The Portkey AI Gateway includes built-in caching to reduce latency and API costs by storing and reusing LLM responses. The caching system supports both simple and semantic caching modes.
How Caching Works
When caching is enabled, the gateway:
Generates a cache key from the request body and URL
Checks for a cached response before making the provider request
Returns the cached response if found and not expired
Makes the provider request if cache miss
Stores the response in cache for future requests
Cache Configuration
Enable Caching
Caching can be enabled globally or per-request:
Global configuration (conf.json):
Per-request configuration :
{
"provider" : "openai" ,
"api_key" : "sk-..." ,
"cache" : {
"mode" : "simple" ,
"max_age" : 3600000
}
}
Cache Modes
Simple Caching
Caches based on exact request match:
{
"cache" : {
"mode" : "simple" ,
"max_age" : 3600000 // 1 hour in milliseconds
}
}
How it works:
Request body and URL are hashed to create a cache key
Exact match required for cache hit
TTL (time-to-live) specified by max_age
Default TTL is 24 hours (86,400,000 ms) if not specified
Semantic Caching
Semantic caching is available in the hosted and enterprise versions. The open-source gateway currently supports simple caching only.
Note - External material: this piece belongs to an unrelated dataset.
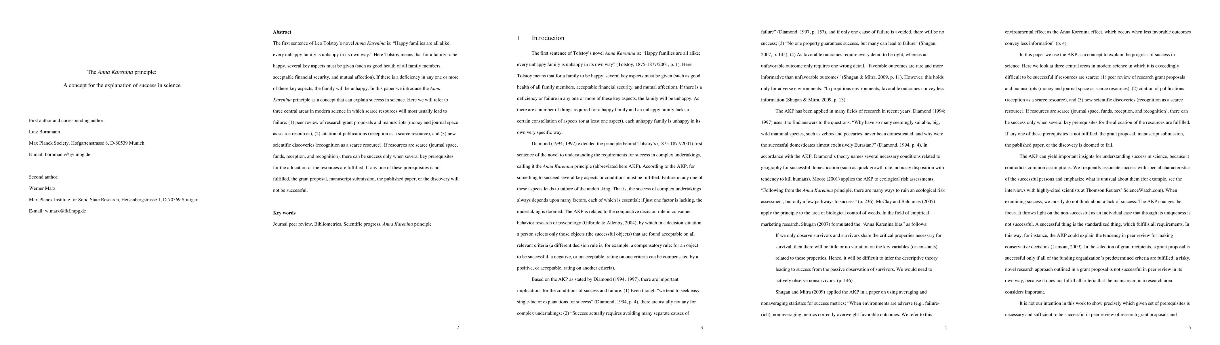 The first sentence of Leo Tolstoy's novel Anna Karenina is: "Happy families are all alike; every unhappy family is unhappy in its own way." Here Tolstoy means that for a family to be happy, several key aspects must be given (such as good health of all family members, acceptable financial security, and mutual affection). If there is a deficiency in any one or more of these key aspects, the family will be unhappy. In this paper we introduce the Anna Karenina principle as a concept that can explain success in science. Here we will refer to three central areas in modern science in which scarce resources will most usually lead to failure: (1) peer review of research grant proposals and manuscripts (money and journal space as scarce resources), (2) citation of publications (reception as a scarce resource), and (3) new scientific discoveries (recognition as a scarce resource). If resources are scarce (journal space, funds, reception, and recognition), there can be success only when several key prerequisites for the allocation of the resources are fulfilled. If any one of these prerequisites is not fulfilled, the grant proposal, manuscript submission, the published paper, or the discovery will not be successful.

Semantic caching matches requests with similar meaning:
{
"cache" : {
"mode" : "semantic" ,
"max_age" : 7200000 // 2 hours
}
}
Cache Key Generation
The cache key is generated using SHA-256 hashing:
const getCacheKey = async ( requestBody : any , url : string ) => {
const stringToHash = ` ${ JSON . stringify ( requestBody ) } - ${ url } ` ;
const encoded = new TextEncoder (). encode ( stringToHash );
const hash = await crypto . subtle . digest ({ name: 'SHA-256' }, encoded );
return Array . from ( new Uint8Array ( hash ))
. map ( b => b . toString ( 16 ). padStart ( 2 , '0' ))
. join ( '' );
}
Source: src/middlewares/cache/index.ts:14-26
What’s included in the key:
Complete request body (model, messages, temperature, etc.)
Request URL (provider endpoint)
All request parameters
What’s excluded:
Request headers (except those in the body)
Timestamps
User metadata
Cache Storage
In-Memory Cache
The default implementation uses in-memory storage:
const inMemoryCache : Record < string , CacheEntry > = {};
interface CacheEntry {
responseBody : string ; // Serialized JSON response
maxAge : number ; // Expiration timestamp
}
Source: src/middlewares/cache/index.ts:3
Characteristics:
Fast access (no network calls)
Lost on gateway restart
Not shared across gateway instances
Limited by available memory
Redis Cache
Redis caching is available in Node.js runtime when REDIS_CONNECTION_STRING is set.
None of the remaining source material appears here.